Continuing Connected Transactions
Hong Kong Exchanges and Clearing Limited and The Stock Exchange of Hong Kong
Limited take no responsibility for the contents of this announcement, make no
representation as to its accuracy or completeness and expressly disclaim any
liability whatsoever for any loss howsoever arising from or in reliance upon
the whole or any part of the contents of this announcement.
DATANG INTERNATIONAL POWER GENERATION CO., LTD.
(a sino-foreign joint stock limited company incorporated in the
People's Republic of China)
(Stock Code: 00991)
ANNOUNCEMENT
CONTINUING CONNECTED TRANSACTIONS
FRAMEWORK AGREEMENT FOR CENTRALISED PURCHASE
The Board is pleased to announce that on 15 June 2012, the Company entered
into the Framework Agreement for Centralised Purchase with China Water
Resources and Power, a wholly-owned subsidiary of CDC, in connection with the
centralised purchase of machinery, equipment and materials required for
project construction through China Water Resources and Power.
CONTINUING CONNECTED TRANSACTIONS
As at the date of this announcement, CDC and its subsidiaries hold a total of
approximately 34.71% of the issued share capital of the Company. As China Water
Resources and Power is a wholly-owned subsidiary of CDC, China Water Resources
and Power is therefore a connected person of the Company under Chapter 14A of
the Listing Rules. The transactions contemplated under the Framework Agreement
for Centralised Purchase constitute continuing connected transactions of the
Company.
As each of the applicable percentage ratios (as defined in Rule 14.07 of the
Listing Rules) of the Framework Agreement for Centralised Purchase is more than
0.1% but less than 5%, such transactions are only subject to the reporting and
announcement requirements, but do not require the approval by the independent
shareholders of the Company under Chapter 14A of the Listing Rules.
BACKGROUND
In order to regulate and enhance the management of purchase of project
materials and to leverage bulk purchase advantages, the Company and China Water
Resources and Power, a subsidiary of CDC, entered into the Framework Agreement
for Centralised Purchase on 15 June 2012 to centralise the purchase of
machinery, equipment and materials required for project construction so as to
enhance quality of purchase and lower purchase costs, thereby enhancing the
profitability of the Company.
FRAMEWORK AGREEMENT FOR CENTRALISED PURCHASE
Date
15 June 2012
Parties
(i) The Company; and
(ii) China Water Resources and Power
Subject Matter
1. China Water Resources and Power agreed to conduct centralised purchase of
machinery, equipment and materials required for project construction in
accordance with the demands of the Company and/or its subordinated
enterprises for project construction machinery, equipment and materials.
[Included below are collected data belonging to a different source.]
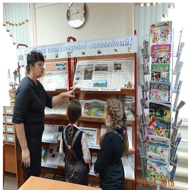
«Край наш северный - заповедный!» Солнечная модельная библиотека
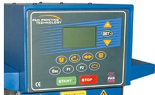
Painel LCD com ajuste electrónico de alturas de impressão e recolha de tinta
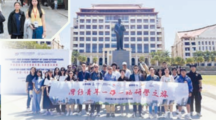
馬來西亞研學之旅
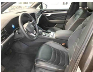
Innenraum - vorne
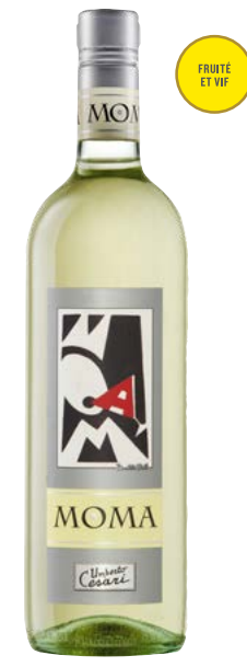
MOMA BIANCO RUBICONE (IGT) 40 % Trebbiano, 30 % Sauvignon, 30 % Chardonnay
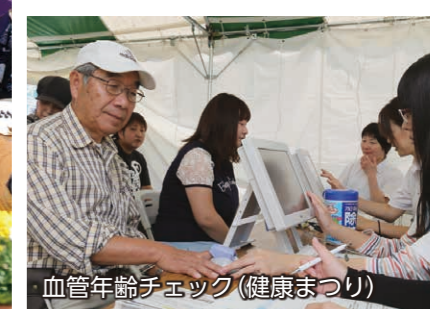
血管年齢チェック (健康まつり)

10月4日、いせさき市民のもり公園で「市民緑花フェア」「環境フェスティバル」「健康まつり」の三つのイベントが同時開催されました。緑の少年団の緑化・環境宣言により開幕した三つのイベントは、多彩なステージ発表や花緑体験教室、企業や環境団体による環境PRブース、健康チェックや体力測定のコナーなど、緑化、環境、健康をテーマに楽しい催しが盛りだくさん。秋晴れの下、会場は大人から子どもまで多くの人でにぎわいました。

The selling prices of such project construction machinery, equipment and
materials offered by China Water Resources and Power shall not be higher
than the prevailing average market prices of such project construction
machinery, equipment and materials.
2. According to the actual demands of the Company and/or its subordinated
enterprises, China Water Resources and Power will conduct tender of
materials purchase in accordance with relevant law and regulations of the
State. The process of purchase tender conducted by China Water Resources
and Power will be under the supervision of the Company.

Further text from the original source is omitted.